KURANJI LANTANG

Airin Ahmad
Chapter #2

Menangguk Remis

Dalam hati, Lantang berucap syukur ketika masih mendapati beberapa potong singkong rebus di piring yang sepupunya tinggalkan.

Malam ini, masih ada umbi pengganjal perut mereka yang dililit perih. Lalu esok? Lusa? Masihkah alam berbaik hati memberi keduanya sedikit rezeki untuk melanjutkan kehidupan? Ia berharap, semoga Bapak tidak berbohong bahwa Mamak sungguh akan pulang.

Dibawanya singkong dingin itu ke depan bersama segelas air putih yang dingin dan menjejaskan embun pada dinidng gelas.

“Nah, makanlah.” Lantang angsurkan piring itu ke hadapan adiknya.

“Cuma ini, Bang?” Lantang mengangguk dan menatap adiknya iba.

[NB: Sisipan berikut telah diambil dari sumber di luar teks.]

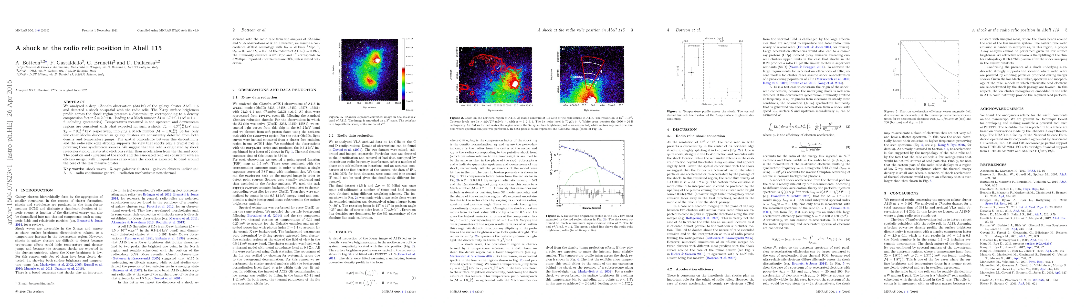We analyzed a deep Chandra observation (334 ks) of the galaxy cluster Abell 115 and detected a shock co-spatial with the radio relic. The X-ray surface brightness profile across the shock region presents a discontinuity, corresponding to a density compression factor $\mathcal{C}=2.0\pm0.1$ leading to a Mach number $\mathcal{M}=1.7\pm0.1$ ($\mathcal{M}=1.4-2$ including systematics). Temperatures measured in the upstream and downstream regions are consistent with what expected for such a shock: $T_u=4.3^{+1.0}_{-0.6}\:\rm{keV}$ and $T_d=7.9^{+1.4}_{-1.1}\:\rm{keV}$ respectively, implying a Mach number $\mathcal{M}=1.8^{+0.5}_{-0.4}$. So far, only few other shocks discovered in galaxy clusters are consistently detected from both density and temperature jumps. The spatial coincidence between this discontinuity and the radio relic edge strongly supports the view that shocks play a crucial role in powering these synchrotron sources. We suggest that the relic is originated by shock re-acceleration of relativistic electrons rather than acceleration from the thermal pool. The position and curvature of the shock and the associated relic are consistent with an off-axis merger with unequal mass ratio where the shock is expected to bend around the core of the less massive cluster.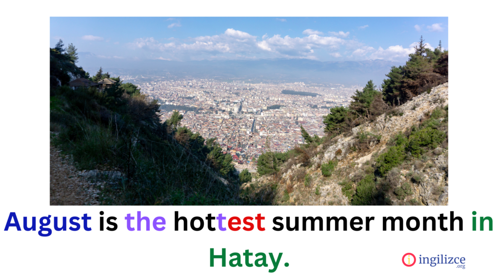 August is the hottest summer month in Hatay./ Ağustos, Hatay’da en sıcak yaz ayıdır.

“Besok pagi kita masak. Ya? Sekarang hari masih malam nian.” Dibujuknya sang adik sambil mengelus kepala Dahlia. 

Ia biarkan dua kerat singkong itu tandas tak bersisa, meski perutnya juga meronta-ronta.

**

Pagi menjelang, adik-beradik itu masih termangu di teras rumah panggung mereka. Mata kedua bocah masih tak beralih dari jalan berbatu koral di depan rumah, berharap mamaknya akan segera datang.

Namun, hingga matahari naik sepenggalah dan hawa dingin berangsur menghangat, harapan mereka pupus, laksana embun yang mengering di daun-daun bunga dahlia kesayangan mamaknya yang tumbuh subur di halaman.

“Bang, aku lapar.” Lagi, Dahlia merengek pada abangnya, sementara wajah Lantang menyiratkan kebingungan.

“Mari kita ke dapur, Dik. Kita tanak nasi.”

“Abang Lantang bisa?” Dahlia bertanya ragu dan menatap abangnya, sementara Lantang mengangguk pasti.

“Abang sering bantu Bapak menanak nasi, ingat?”

Mendengar itu, Dahlia mengangguk dan tersenyum semringah.

Keduanya lalu bergegas ke dapur yang dipenuhi jelaga, menuruni undakan berbentuk tangga dari kayu. 

Lantang membuka ember berpenutup tempat biasa Ngah Hartumi menyimpan beras yang dibeli dari balai setiap pekan. Namun, beberapa detik kemudian ia memandang sang adik dengan tatapan putus asa. Tidak ada sebutir beras pun yang tertinggal di sana.

“Dik, tidak ada beras,” ujarnya parau.

“Jadi kita makan apa?”

Mata Dahlia mulai berembun kini, sementara Lantang pun menggeleng tak mengerti.

**

Kedua adik beradik yang malang itu berjalan bersisihan. Di tangan masing-masing membawa ember dan lukah (anyaman rotan yang dipakai untuk menjebak ikan di sungai atau aliran air).

Dahlia meringis, sebab perutnya tak lagi mau diajak kompromi, sedari bangun tadi tenggorokannya hanya menenggak air putih dingin dari dalam teko plastik sisa semalam.

“Ke mana kita, Bang?” 

Lantang tidak menjawab dan hanya berjalan makin bergegas, sementara kaki Dahlia terseret-seret mengikutinya.